**The task:** Write out exactly the lines below starting at the one containing "Two Tele-Games Center" and ending at the one containing "- Bois sculpté". Omit every picture.

**Materials provided:**
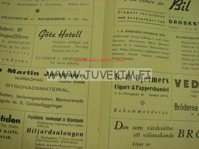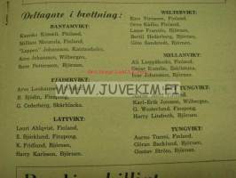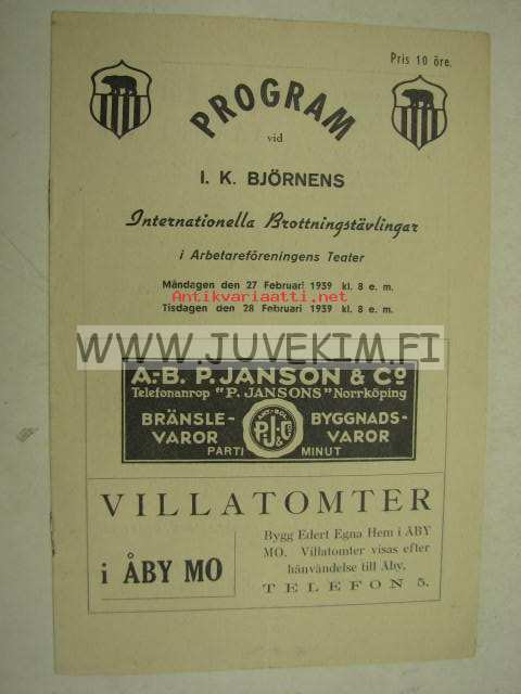 program vid I.K: Björnens Internationella Brottningstävlingar 1939 -painikilpailun ohjelma, mukana suomalaispainijoita Kauko Kiisseli, William Maunula
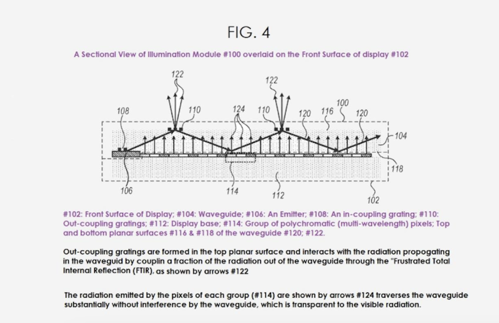 针对这一点,苹果在专利中用“集成+隐藏”的方法,来尽可能地缩小对屏幕分辨率的影响。
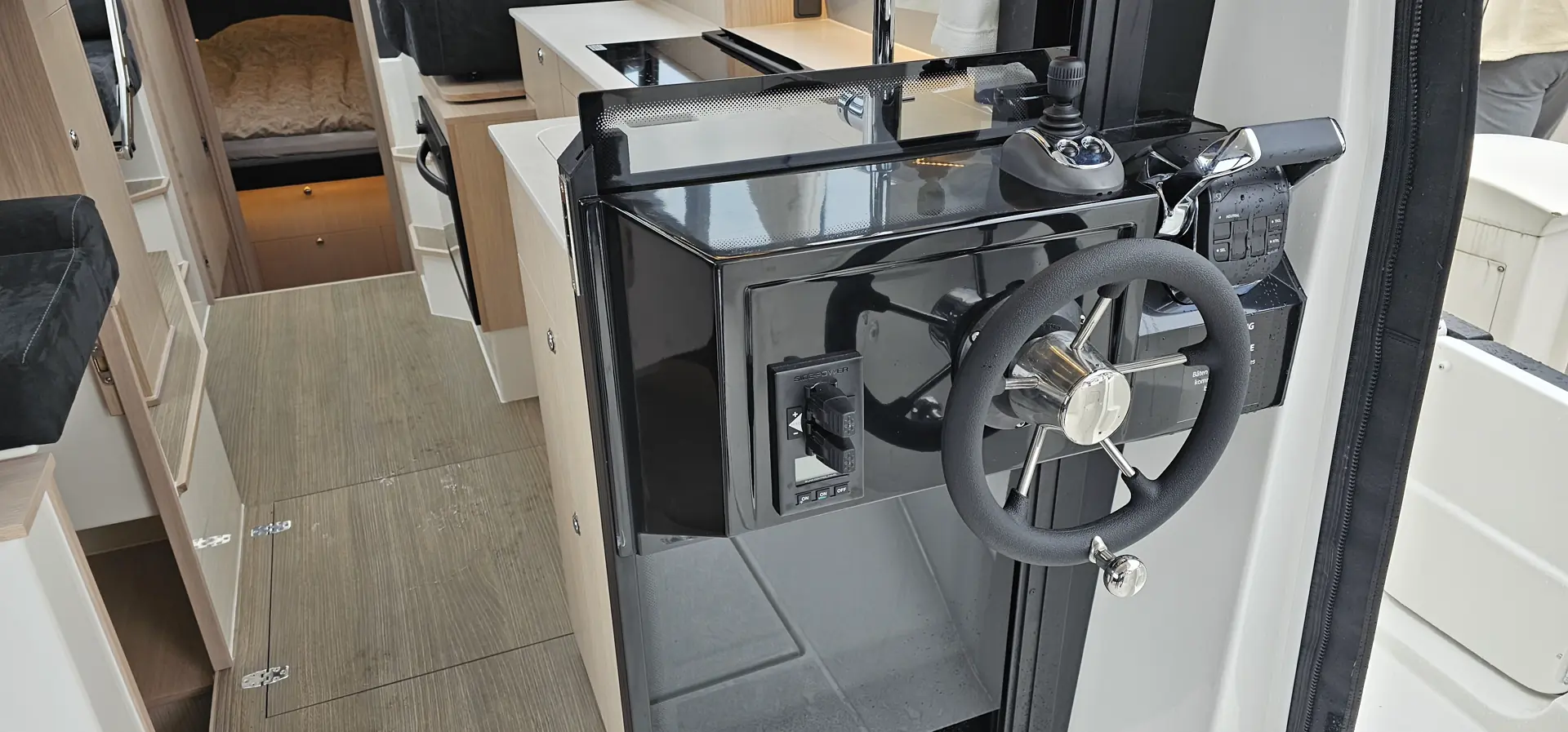 Fra styreposisjon er alt innen rekkevidde, solid og behagelig sete, skyvedør ut til dollbord, gjør det enkelt å betjene båten alene. I dollbordet på styrbordside er det nedsenket fenderlagring, som er meget praktisk.
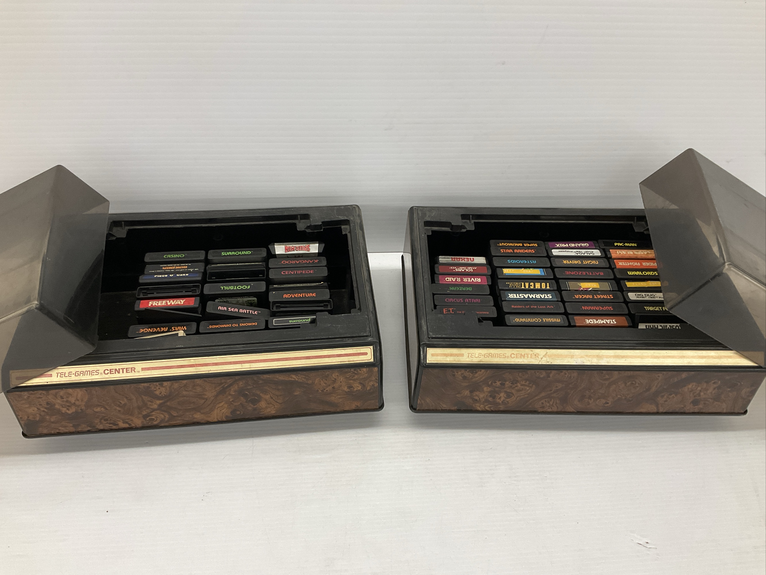 Two Tele-Games Center cartridge storage cases, each filled with Atari game cartridges. Titles include Pac-Man, Space Invaders, E.T., Frogger, Mario Bros., Donkey Kong, and more.
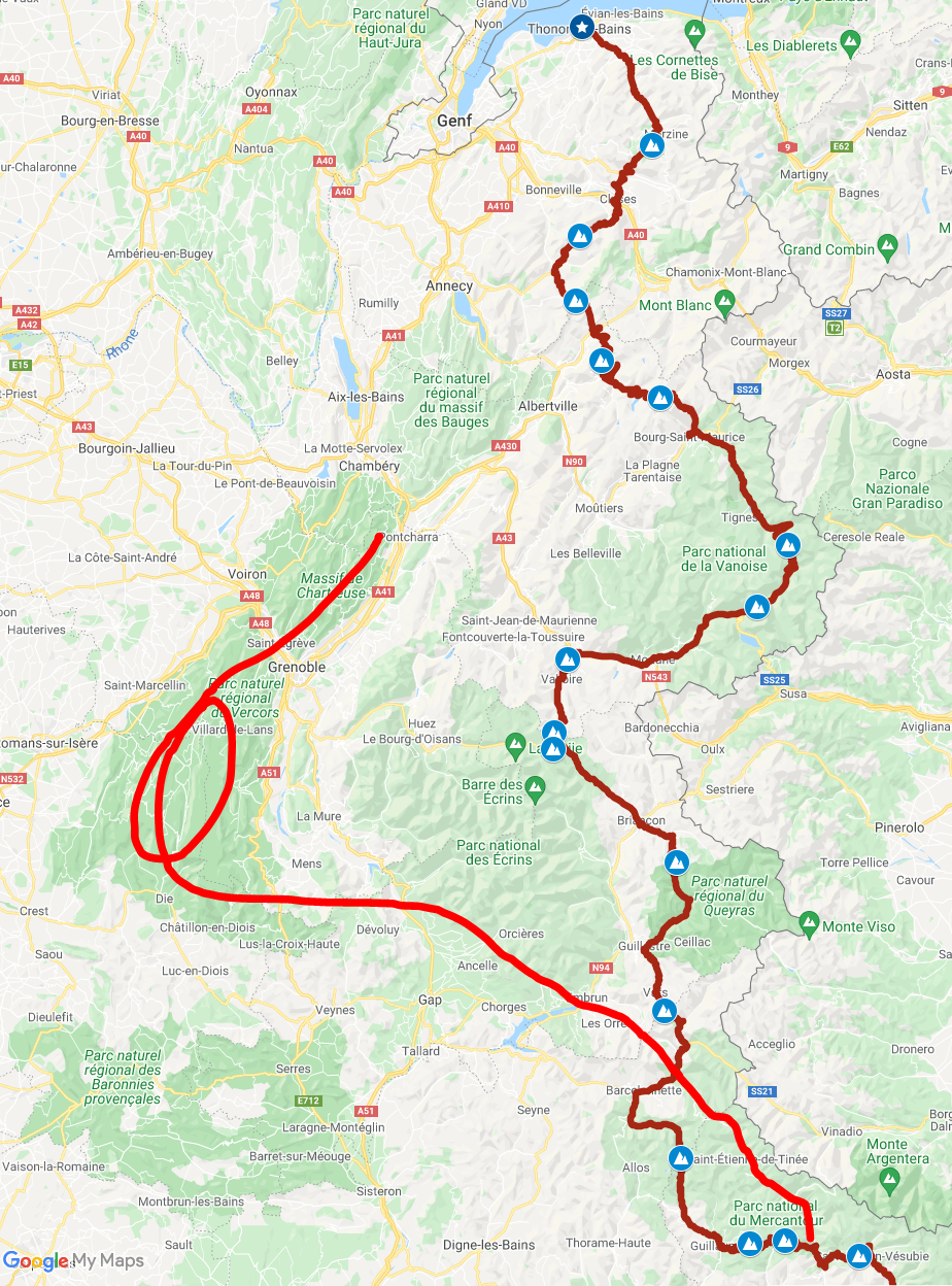 Waren 5 Tage unterwegs. Für die komplette RDGA solltest du imho 5-6 Tage einplanen bis Nizza (oder wo auch immer …). Und die für Rückfahrt kannste theoretisch locker auch soviel Tage verplanen … Im alpinen Gelände auf Pässen / Bergstraßen ist eine Tagesetappe von 300 km schon sportlich …
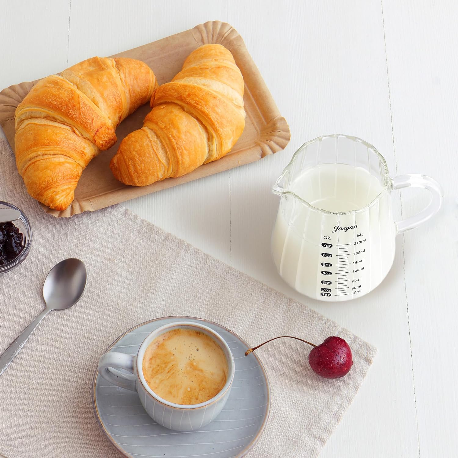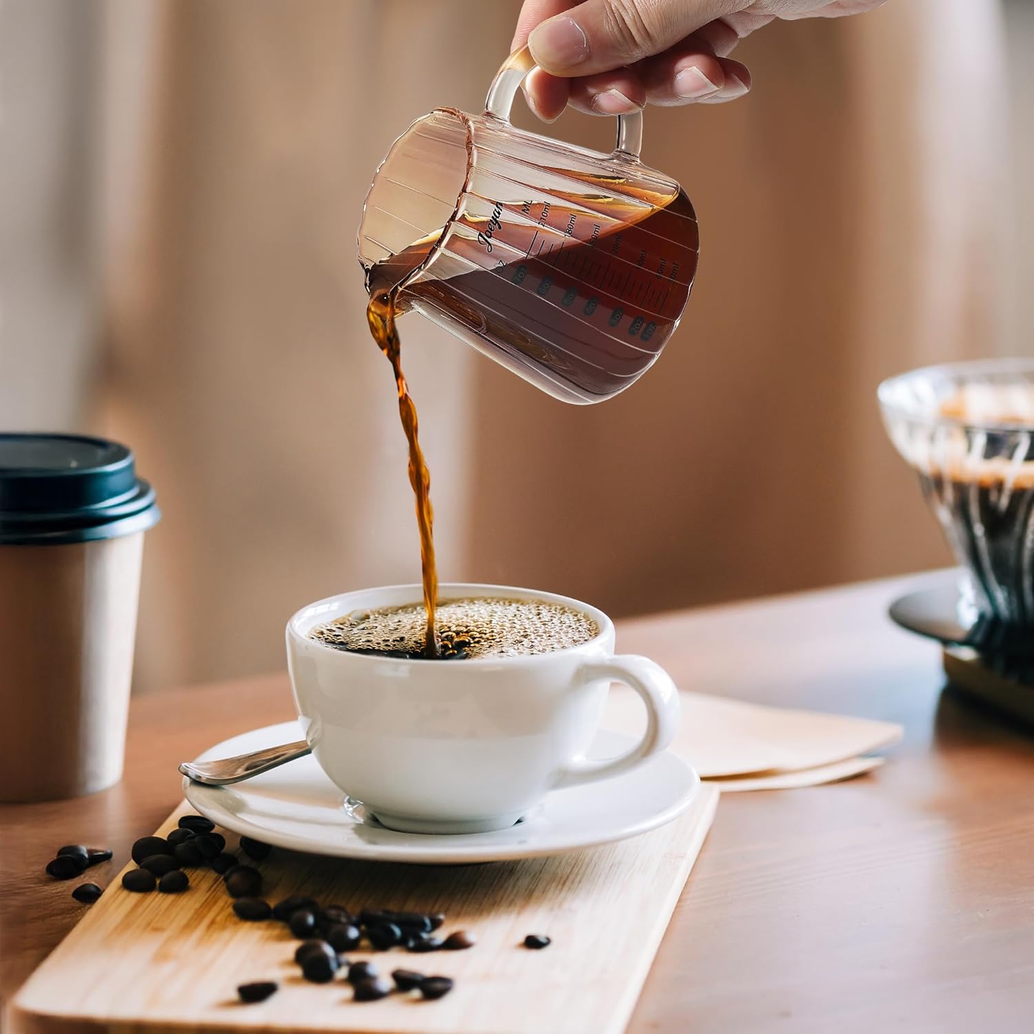 Joeyan 7 oz Glass Measuring Cups with Spout,Borosilicate Large Glass Triple Pitcher with Scale,Origami Style Espresso Shot Glasses with Wood Handle for Coffee Milk
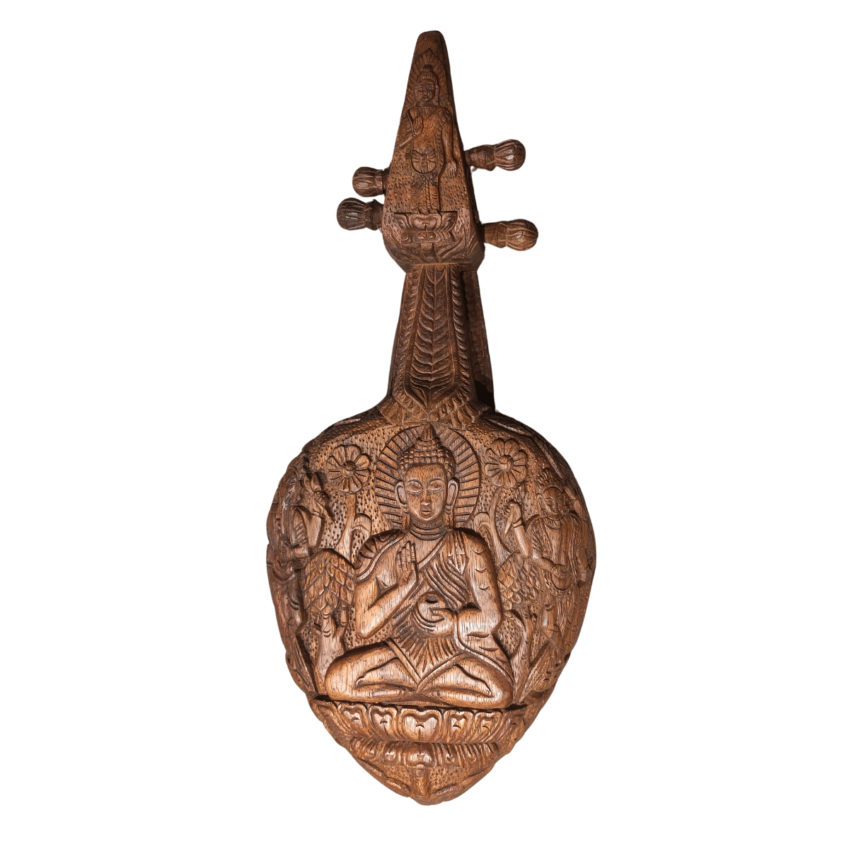 - Bois sculpté à riches décors de Bouddha, Ganesh et tête de singe
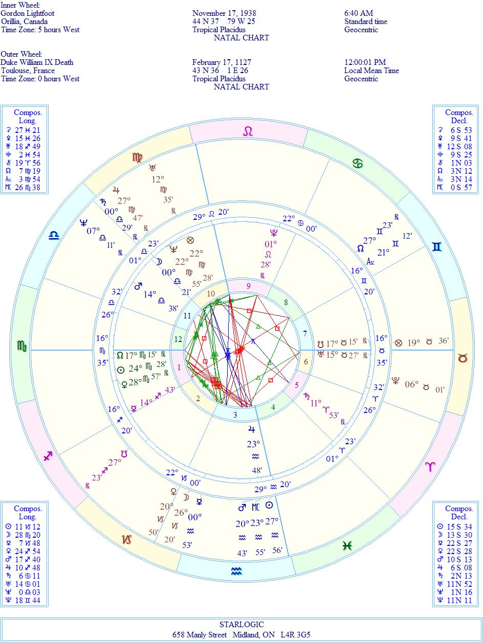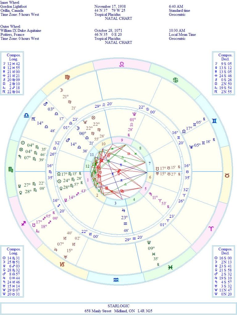 The Yod (Finger of God) pointing at Lightfoot’s Uranus/South Node in Taurus with inconjuncts from William IX’s South Node/Ascendant in Sagittarius and his Midheaven in Libra (also conjunct Gordon’s Mars) shows that these two are ‘totally’ connected. Now, please note, I am not saying that Lightfoot IS William IX reincarnated, but this is definitely suggestive of that idea. William’s Mercury/Venus conjunction in Scorpio is conjunct Gordon’s Sun/Venus conjunction. At the same time, Gordon’s Neptune/Part of Fortune in Virgo is in close conjunction to William’s Moon, while Gordon’s Moon in Libra is within 3° of William’s Mars.
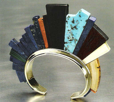 To come to Loloma's jewelry with no prior knowledge, one might identify strains of art nouveau in the constructions as precise and intricate as stained glass. People close to him cite architectural influences: skyscrapers in Manhattan or aerial views of Paolo Soleri's Arco Santi near Flagstaff, Arizona. Yet the exaggerated, masked geometries of Hopi katsinas (kachinas), interpreted as abstractions, are paramount in Loloma's work, The dazzling height bracelets, studded by multiple gems, jut as high as an inch and a half and span up to four inches in diameter. Surface contrasts between jagged and smooth, shiny and matte, elevated and flat make the jewelry at once earthbound and heavenly, Stone Age and Space Age. Throughout, Loloma deeply engaged with the cross-cultural practice of patterning the sacred through materials.
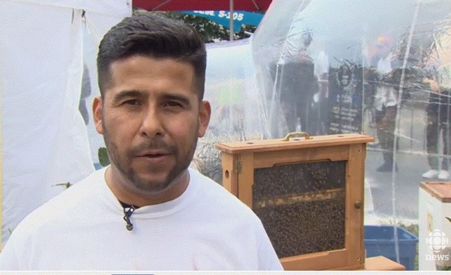 واستطاع “خوان كارلوس نوغوز أورتيز”، الذي يعمل في مزرعة لنحل العسل في أونتاريو الكندية، تحمل هذا الوضع لأكثر من ساعة.

**Task result:**
 Two Tele-Games Center cartridge storage cases, each filled with Atari game cartridges. Titles include Pac-Man, Space Invaders, E.T., Frogger, Mario Bros., Donkey Kong, and more.
 Waren 5 Tage unterwegs. Für die komplette RDGA solltest du imho 5-6 Tage einplanen bis Nizza (oder wo auch immer …). Und die für Rückfahrt kannste theoretisch locker auch soviel Tage verplanen … Im alpinen Gelände auf Pässen / Bergstraßen ist eine Tagesetappe von 300 km schon sportlich …
 Joeyan 7 oz Glass Measuring Cups with Spout,Borosilicate Large Glass Triple Pitcher with Scale,Origami Style Espresso Shot Glasses with Wood Handle for Coffee Milk
 - Bois sculpté à riches décors de Bouddha, Ganesh et tête de singe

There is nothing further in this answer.